Setelah proklamasi kemerdekaan tanggal 17 Agustus 1945, hukum-hukum agraria yang ditinggalkan kolonialisme Belanda mendapat gugatan secara gencar agar diganti dengan hukum agraria yang lebih renponsif. Pemerintah sendiri menempuh dua jalur untuk memenuhi gugatan-gugatan itu, yaitu mengeluarkan peraturan perundang-undangan secara parsial dalam bidang keagrariaan dan membentuk berbagai Panitia Perancang Hukum Agraria Nasional. Peraturan perundang-undangan yang sifatnya parsial itu dibuat untuk sementara sambil menunggu lahirnya hukum agraria nasional yang materi-materinya berisi pencabutan terhadap bidang-bidang tertentu dalam hukum agraria yang dirasa sangat tidak adil. Seperti pencabutan hak konversi bagi pengusaha Eropa dengan UU No. 13 Tahun 1948, penghapusan tanah partikelir dengan UU No. 1 Tahun 1958, perubahan Peraturan Persewaan Tanah dengan UU Darurat No. 6 Tahun 1951 (yang kemudian diperbaharui dengan UU No. 6 Tahun 1952) dan sebagainya. Semua produk hukum dalam bidang agraria yang masih bersifat parsial mempunyai karakter yang lebih renponsif/populistik.

Sejak awal kemerdekaan pemerintah juga telah mengambil langkah-langkah untuk membuat hukum agraria nasional yang komprehensif melalui pembentukkan berbagai Panitia Agraria. Mula-mula dibentuk Panitia Agraria Yogya (1948), kemudian disusul dengan Panitia Agraria Jakarta (1951), dan Panitia Soewahjo (1956). Rangkuman hasil-hasil kerja berbagai panitia itu diajukan oleh Menteri Agraria Soenarjo kepada DPR sebagai RUU. Namun, RUU yang diajukan pada era demokrasi liberal ini kemudian ditarik oleh pemerintah karena terjadi perubahan konstitusi berkenaan dengan Dekrit Presiden tanggal 5 Juli 1959. RUU tersebut setelah diperbaharui atau disesuaikan dengan terma-terma yang ada dalam UUD 1945 dan konsepsi demokrasi terpimpin diajukan lagi kepada DPR sebagai RUU pada tahun 1960 oleh Menteri Agraria Sadjarwo untuk kemudian disahkan menjadi UU No. 5 Tahun 1960 yang lebih dikenal dengan sebutan UUPA (Undang-Undang Pokok Agraria). UUPA menghapus semua watak yang melekat pada AW 1870 dan semua produk hukum yang menyertainya, yaitu watak dualistic, feodalistik, dan ekploitatif. UUPA juga memuat asas “fungsi social” bagi hak atas tanah serta prinsip pembatasan luas maksimum dan minimum tanah yang dapat dimiliki secara adil. Domeinverklaring dinyatakan dicabut dan diganti dengan asas “hak menguasai dari Negara” yang berorientasi pada upaya mengusahakan kemakmuran rakyat yang sebesar-besarnya sesuai dengan amanat Pasal 33 UUD 1945. Dengan demikian, UUPA berkarakter sangan renponsif/populistik.

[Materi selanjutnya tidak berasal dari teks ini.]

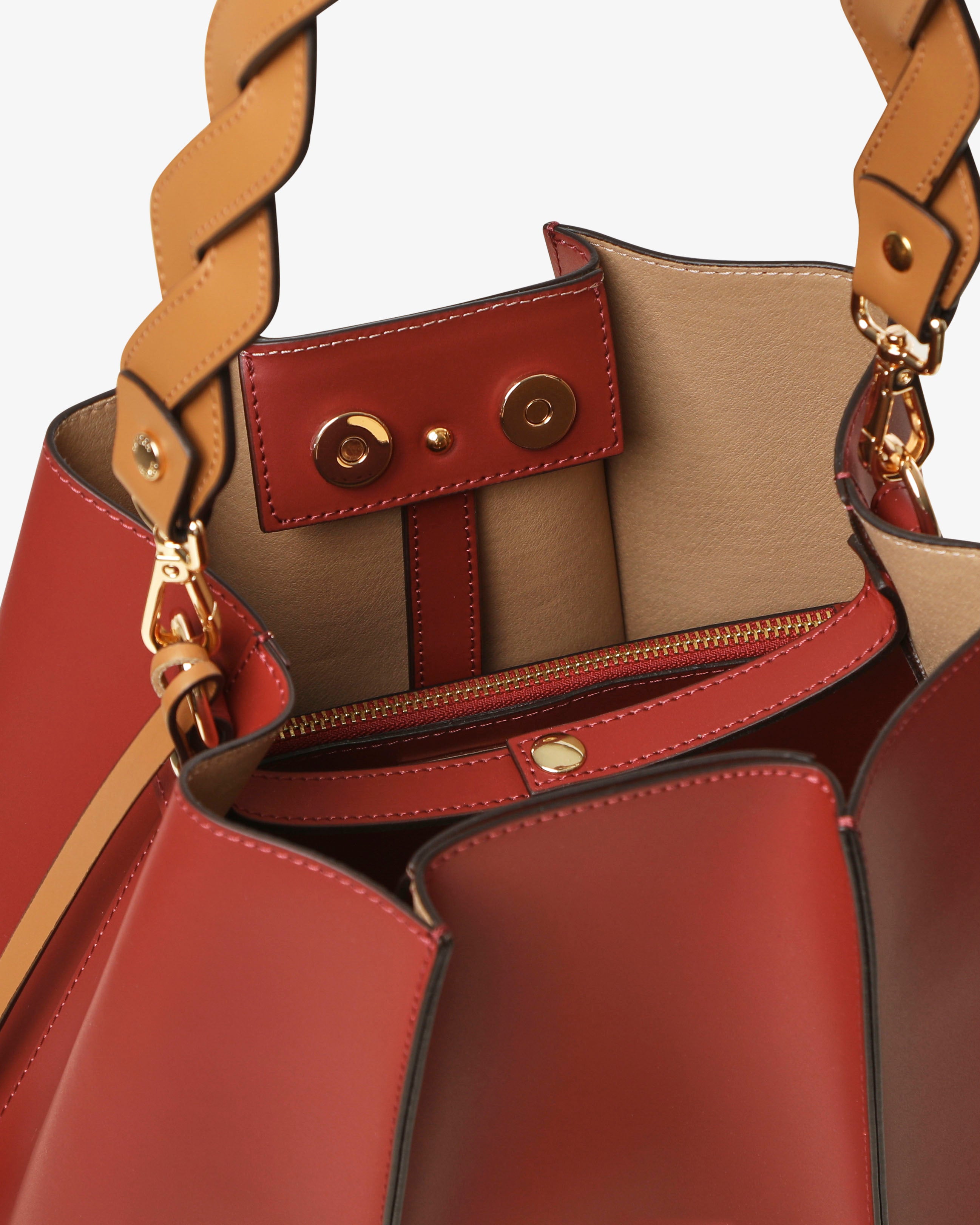 "Stefania" by Gianni Notaro made of smooth leather, a bag capable of holding all the essentials, with a unique design that makes it feminine and contemporary

Kasus UUPA menjadi satu-satunya produk hukum yang berkarakter responsive dalam penelitian ini pada era demokrasi terpimpin yang otoriter. Hal ini bisa dijelaskan dari empat hal, yaitu : Pertama, UUPA berasal dari warisan (rancangan-rancangan) zaman demokrasi liberal yang pengundangannya tertunda karena ada Dekrit Presiden 5 Juli 1959. Kedua, UUPA memuat materi yang membalik dasr-dasar kolonialisme yang sudah pasti sangat ditentang oleh semua pemimpin Indonesia, baik pemimpin yang demokratis maupun yang otoriter. Ketiga, materi UUPA tidak menyangkut distribusi kekuasaan sehingga pemberlakuannya tidak akan mengganggu sebuah rezim otoriter sekalipun. Keempat, UUPA tidak hanya memuat aspek public (hukum administrasi Negara), tetapi juga memuat masalah-masalah privat (hukum perdata).